Was ist eine Elektronenkonfiguration?
Eine Elektronenkonfiguration ist eine verkürzte Notation, die Ihnen genau sagt, welche Unterschalen die Elektronen eines Atoms oder Ions besetzen und wie viele Elektronen sich in jeder befinden. Sie wird als Folge von Unterschalen – 1s, 2s, 2p und so weiter – geschrieben, wobei die Anzahl der Elektronen jeweils als Hochzahl angegeben wird. Beispielsweise lautet die Konfiguration von Sauerstoff 1s2 2s2 2p4, was bedeutet, dass sich zwei Elektronen in der 1s-Unterschale, zwei in der 2s-Unterschale und vier in der 2p-Unterschale befinden.
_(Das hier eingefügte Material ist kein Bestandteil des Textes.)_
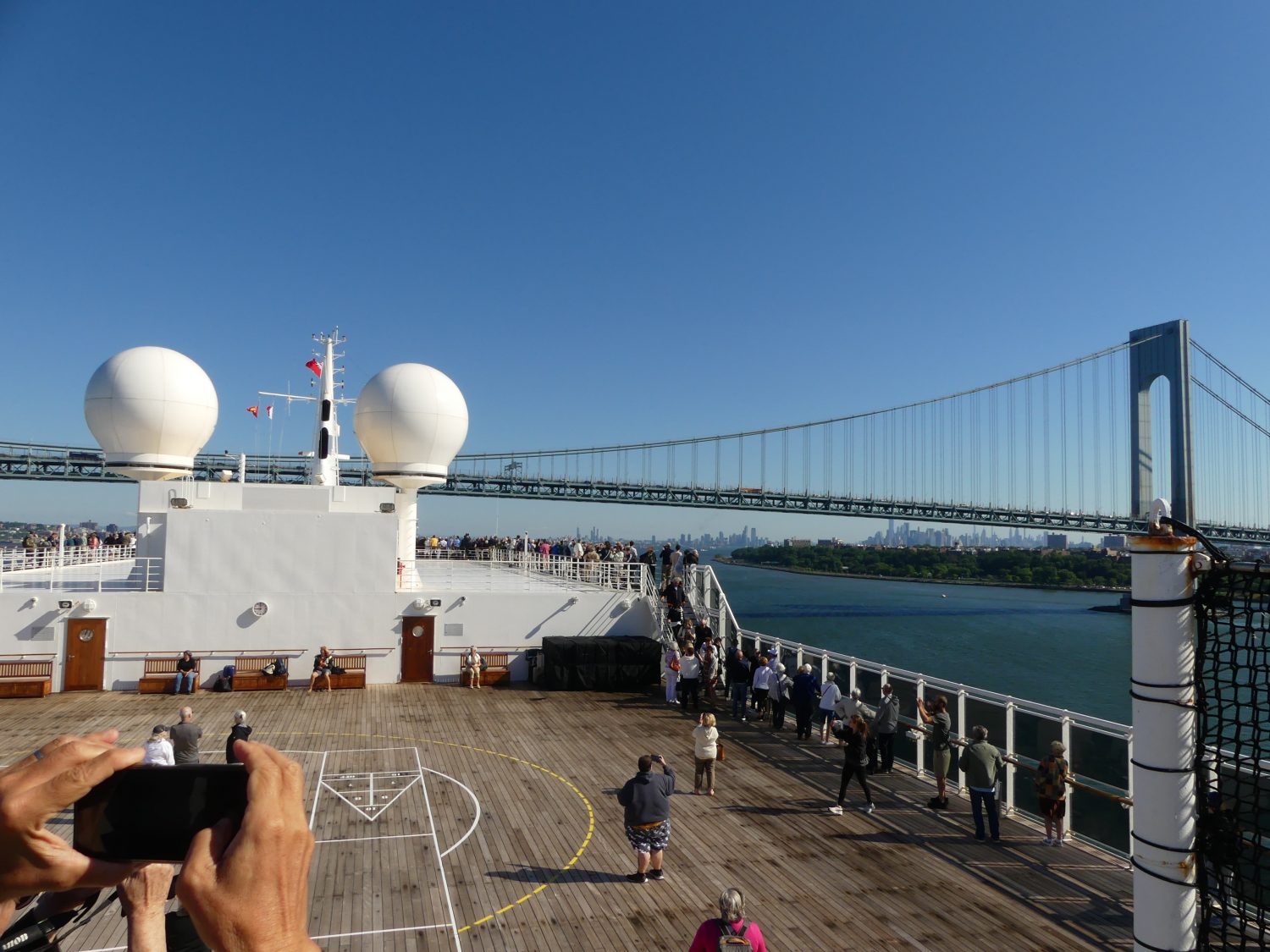 Il est à peine six heures lorsque j’effectue ma – désormais habituelle – promenade sur le pont supérieur, avant de rejoindre le self-service pour le petit-déjeuner. Même si notre accostage n’est prévu qu’à midi, une grosse centaine de passagers savoure son café ici-haut, dans la fraîcheur matinale. L’horizon laisse déjà apercevoir le Pont Verrazzano, coiffant l’entrée de la Baie de l’Hudson. Il faut compter environ quatre heures pour traverser la baie : franchissement du pont vers 8h.

Die drei Regeln, die das Auffüllen bestimmen
Elektronenkonfigurationen folgen drei grundlegenden Prinzipien:
- Aufbauprinzip: Elektronen besetzen die energetisch am tiefsten liegende verfügbare Unterschale, bevor sie höhere Schalen auffüllen.
- Pauli-Prinzip (Pauli-Verbot): Jedes Orbital kann höchstens zwei Elektronen aufnehmen, und diese müssen einen entgegengesetzten Spin haben.
- Hundsche Regel: Innerhalb einer Gruppe von Orbitalen gleicher Energie werden die Orbitale zuerst einzeln mit Elektronen parallelen Spins besetzt, bevor ein Orbital doppelt besetzt wird.
Die Aufbau-Reihenfolge (Madelung-Regel)
Die Reihenfolge, in der Unterschalen aufgefüllt werden, wird durch die Madelung-Regel (auch n + l-Regel) bestimmt: Unterschalen füllen sich nach steigendem Wert von n + ℓ, und wenn zwei Unterschalen denselben Wert für n + ℓ haben, füllt sich diejenige mit dem niedrigeren n zuerst. Aus diesem Grund füllt sich die 4s-Unterschale vor der 3d-Unterschale auf.
Vollständige vs. Edelgaskonfiguration
Die vollständige Konfiguration listet jede Unterschale von 1s aufwärts auf. Die Edelgaskonfiguration ist eine verkürzte Form, die die inneren Rumpfelektronen durch das Symbol des vorherigen Edelgases in eckigen Klammern ersetzt, sodass nur die Unterschalen der Valenzregion übrig bleiben. Für Eisen:
- Vollständig: 1s2 2s2 2p6 3s2 3p6 3d6 4s2
- Edelgaskonfiguration: [Ar] 3d6 4s2
Elektronenkonfigurationen von Ionen
Um die Konfiguration eines Ions zu schreiben, gehen Sie vom neutralen Atom aus und passen die Anzahl der Elektronen an:
- Anionen (negativ geladene Ionen) nehmen Elektronen auf, die in der normalen Aufbau-Reihenfolge hinzugefügt werden. Beispielsweise ist O2− gleich 1s2 2s2 2p6, genau wie Neon.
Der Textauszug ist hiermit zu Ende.